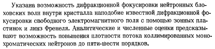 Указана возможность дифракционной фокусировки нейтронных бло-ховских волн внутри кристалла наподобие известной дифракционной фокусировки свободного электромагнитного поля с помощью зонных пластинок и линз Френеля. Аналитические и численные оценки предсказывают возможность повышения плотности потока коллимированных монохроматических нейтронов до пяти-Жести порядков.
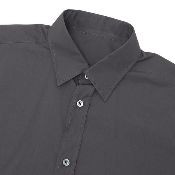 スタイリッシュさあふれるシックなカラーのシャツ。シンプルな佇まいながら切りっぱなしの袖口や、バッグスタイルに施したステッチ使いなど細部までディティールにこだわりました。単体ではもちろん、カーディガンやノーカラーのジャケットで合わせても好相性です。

* * *

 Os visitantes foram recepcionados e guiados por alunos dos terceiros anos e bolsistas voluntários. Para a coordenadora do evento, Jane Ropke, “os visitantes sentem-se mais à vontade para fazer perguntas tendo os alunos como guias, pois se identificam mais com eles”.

--

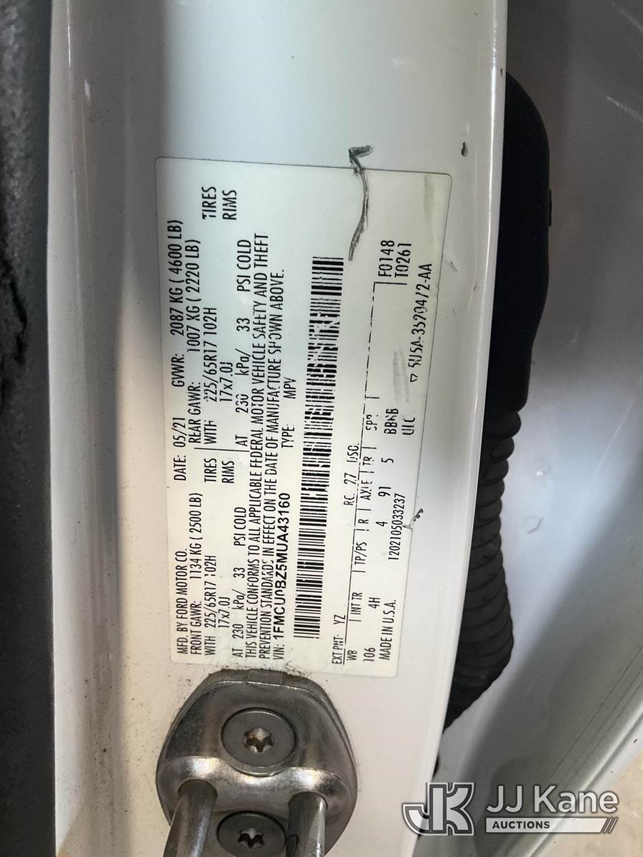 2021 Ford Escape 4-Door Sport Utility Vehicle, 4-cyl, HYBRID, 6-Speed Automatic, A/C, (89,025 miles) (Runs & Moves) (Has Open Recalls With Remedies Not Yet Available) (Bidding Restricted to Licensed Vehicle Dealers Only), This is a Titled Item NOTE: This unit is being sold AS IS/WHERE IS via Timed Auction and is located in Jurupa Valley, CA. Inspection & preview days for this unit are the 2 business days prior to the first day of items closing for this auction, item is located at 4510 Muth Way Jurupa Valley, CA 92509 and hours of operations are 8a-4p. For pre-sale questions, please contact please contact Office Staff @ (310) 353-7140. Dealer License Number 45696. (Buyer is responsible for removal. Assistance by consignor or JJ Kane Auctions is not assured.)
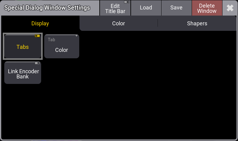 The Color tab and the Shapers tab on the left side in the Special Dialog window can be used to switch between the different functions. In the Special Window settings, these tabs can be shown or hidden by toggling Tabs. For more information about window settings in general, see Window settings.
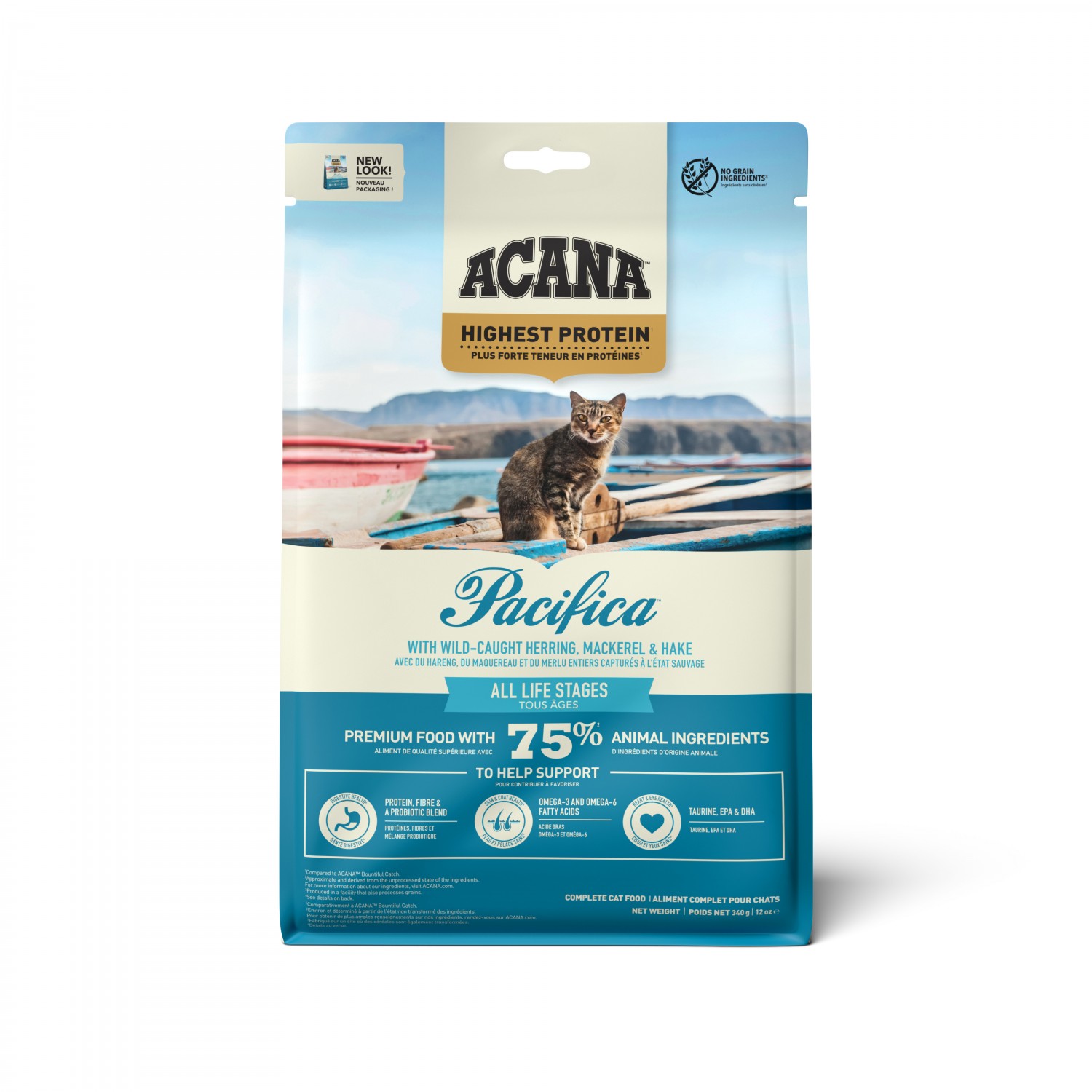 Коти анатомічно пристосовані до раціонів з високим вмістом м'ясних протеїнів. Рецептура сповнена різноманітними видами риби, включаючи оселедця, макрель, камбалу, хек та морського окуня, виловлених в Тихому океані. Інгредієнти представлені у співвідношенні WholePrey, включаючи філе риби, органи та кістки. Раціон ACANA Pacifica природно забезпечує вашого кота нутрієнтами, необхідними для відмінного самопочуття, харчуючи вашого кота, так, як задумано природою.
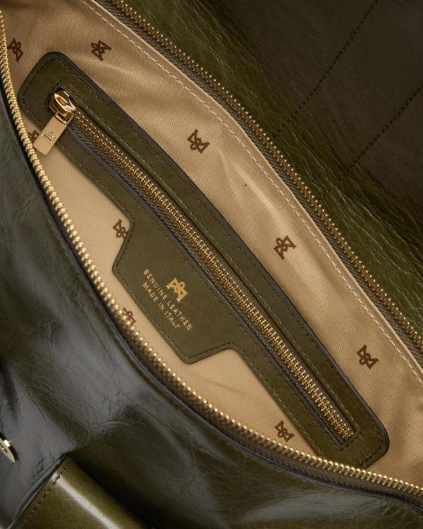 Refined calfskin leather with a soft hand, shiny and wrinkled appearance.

* [Exercise prompt] Please print the lines above word for word, starting at the one with "Указана возможность дифракционной" and ending at the one with "スタイリッシュさあふれるシッ", both included, and without any picture.

* [Response to this exercise]
 Указана возможность дифракционной фокусировки нейтронных бло-ховских волн внутри кристалла наподобие известной дифракционной фокусировки свободного электромагнитного поля с помощью зонных пластинок и линз Френеля. Аналитические и численные оценки предсказывают возможность повышения плотности потока коллимированных монохроматических нейтронов до пяти-Жести порядков.
 スタイリッシュさあふれるシックなカラーのシャツ。シンプルな佇まいながら切りっぱなしの袖口や、バッグスタイルに施したステッチ使いなど細部までディティールにこだわりました。単体ではもちろん、カーディガンやノーカラーのジャケットで合わせても好相性です。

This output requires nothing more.